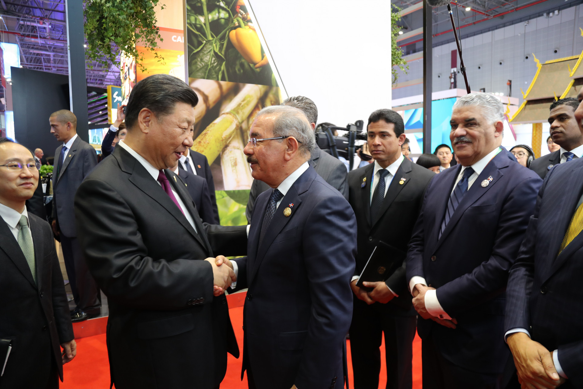 Danilo Medina recibe a homólogo chino, Xi Jinping, en stand de República Dominicana en CIIE
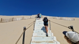 Une fois enfilés nos chaussures de marche, nous suivons le petit chemin qui mène jusqu’au pied de la dune, où nous trouvons un escalier, installé afin de faciliter l’ascension vers le sommet. Nous avons lu sur le site officiel, que tous les ans l’escalier de la dune du Pilat est monté au printemps, puis démonté après la Toussaint, afin d’éviter son ensablement total durant l’hiver. Le nombre de marches varie entre 130 et 160, en fonction de la hauteur de la dune, qui change au fil des années.
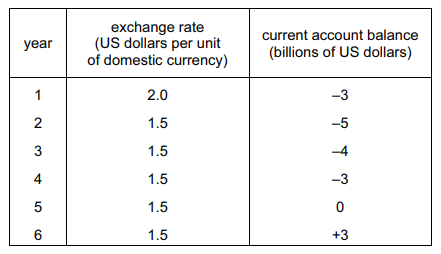 The table shows observations of the exchange rate of an economy and its current account balance over six years.
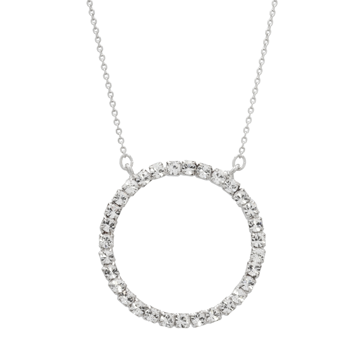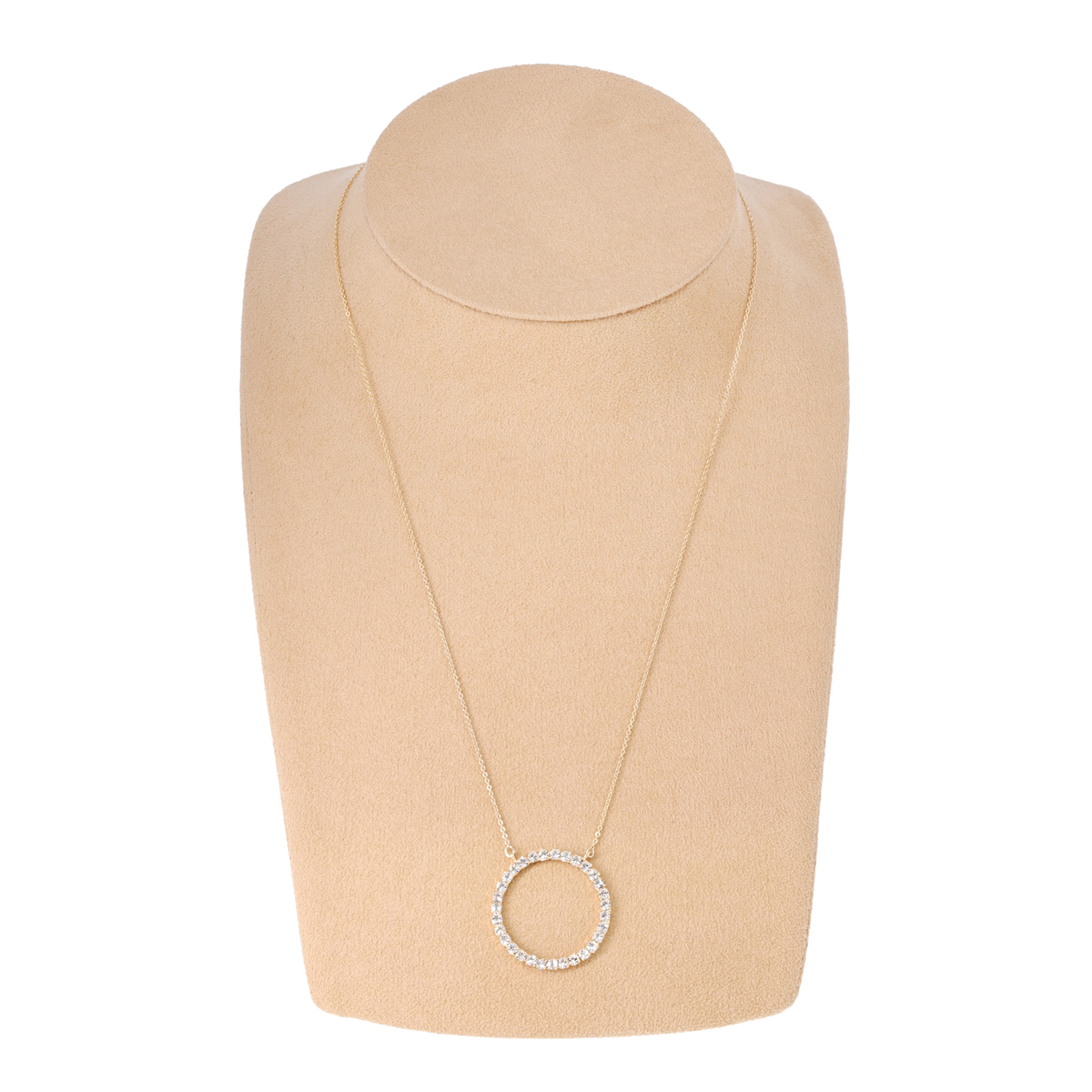 存在感ある大きめなビジューモチーフが胸元で美しく輝くネックレス。シンプルなラインのロングネックレスで、華やかさと使いやすさを両立し、日常から特別な日まで幅広く活躍します
***
Make an exact copy of the whole listing, but don't bring over any pictures.

#### Exercise solution:
 Danilo Medina recibe a homólogo chino, Xi Jinping, en stand de República Dominicana en CIIE
 Une fois enfilés nos chaussures de marche, nous suivons le petit chemin qui mène jusqu’au pied de la dune, où nous trouvons un escalier, installé afin de faciliter l’ascension vers le sommet. Nous avons lu sur le site officiel, que tous les ans l’escalier de la dune du Pilat est monté au printemps, puis démonté après la Toussaint, afin d’éviter son ensablement total durant l’hiver. Le nombre de marches varie entre 130 et 160, en fonction de la hauteur de la dune, qui change au fil des années.
 The table shows observations of the exchange rate of an economy and its current account balance over six years.
 存在感ある大きめなビジューモチーフが胸元で美しく輝くネックレス。シンプルなラインのロングネックレスで、華やかさと使いやすさを両立し、日常から特別な日まで幅広く活躍します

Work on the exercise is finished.